2.  Scale the now-capped data to a 0-1 range.

In [3]:
pipeline = Pipeline(
    steps=[
        ("outlier_capper", OutlierHandler(method="iqr", factor=1.5)),
        ("scaler", Scaler(method="minmax"))
    ],
    logging_callback=reporter.get_callback()
)

# Fit and transform the data
transformed_df = pipeline.fit_transform(df_numeric)
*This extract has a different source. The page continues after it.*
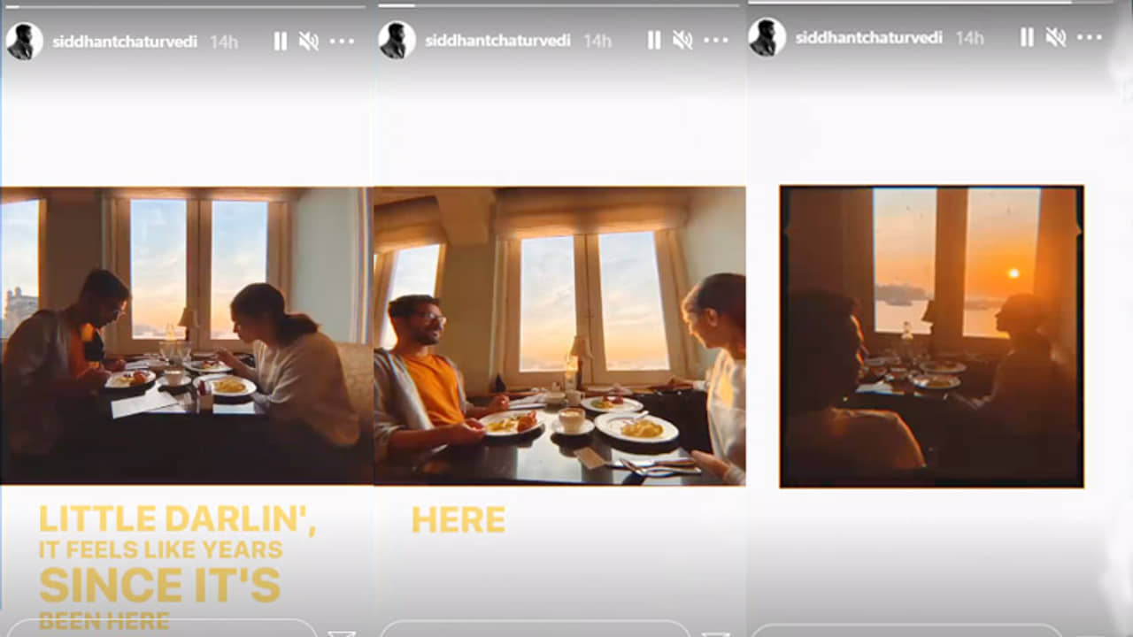 শুটিং ফাঁকে ‘চিলিং’-এর ছবি ইনস্টা স্টোরিতে পোস্ট করলেন সিদ্ধান্ত। টেবিলের এক প্রান্তে বসে দীপিকা, পরনে সাদা লুজ টপ। আর তাঁর ঠিক উল্টো দিকে বসে পরিচালক শকুন। আর দু’জনের মাঝে জানলার ফাঁক দিয়ে নীলচে আকাশ আর এক ফাঁলি রোদ উঁকি মারছে। ইনস্টা রিলে পর পর ছবি সাজিয়ে এক ভিডিও বানিয়েছেন সিদ্ধান্ত। ব্যাকগ্রাউন্ডে চলছে গান। বিটলস ব্যান্ডের ‘হিয়ার কামস দ্য সান’।

print("Transformed Data Description (after capping and scaling):")
display(transformed_df.describe())

Transformed Data Description (after capping and scaling):


Unnamed: 0,carat,depth,table,price,x,y,z
count,1000.0,1000.0,1000.0,1000.0,1000.0,1000.0,1000.0
mean,0.32093,0.494429,0.412838,0.298843,0.371109,0.370469,0.375935
std,0.260813,0.217854,0.207005,0.303275,0.222796,0.226139,0.228765
min,0.0,0.0,0.0,0.0,0.0,0.0,0.0
25%,0.097035,0.375,0.285714,0.053676,0.165049,0.162376,0.169935
50%,0.25876,0.517857,0.380952,0.181062,0.360194,0.360396,0.366013
75%,0.458221,0.625,0.571429,0.432205,0.526214,0.528713,0.53268
max,1.0,1.0,1.0,1.0,1.0,1.0,1.0


### 3. Review the Insight Report

The report shows the bounds that were learned for capping and confirms that both capping and scaling were applied.

In [4]:
print(reporter.summary())

=== Transfory Insight Report ===
Session started: 2025-12-09 06:36:02
Total steps logged: 9

[2025-12-09 06:36:02] Step 'Pipeline' completed a 'fit_transform_step' event.
[2025-12-09 06:36:02] [outlier_capper] Step 'OutlierHandler' (OutlierHandler) learned capping bounds using 'iqr' for 7 column(s). (e.g., 'carat' will be capped between -0.60 and 2.09).
[2025-12-09 06:36:02] [outlier_capper] Step 'OutlierHandler' (OutlierHandler) applied capping to 7 column(s).
[2025-12-09 06:36:02] [outlier_capper] Step 'OutlierHandler' completed a 'transform' event.
[2025-12-09 06:36:02] Step 'Pipeline' completed a 'fit_transform_done' event.
[2025-12-09 06:36:02] Step 'Pipeline' completed a 'fit_transform_step' event.
[2025-12-09 06:36:02] [scaler] Step 'Scaler' (Scaler) fitted. It will apply 'minmax' scaling to 7 numeric column(s).
[2025-12-09 06:36:02] [scaler] Step 'Scaler' completed a 'transform' event.
[2025-12-09 06:36:02] Step 'Pipeline' completed a 'fit_transform_done' event.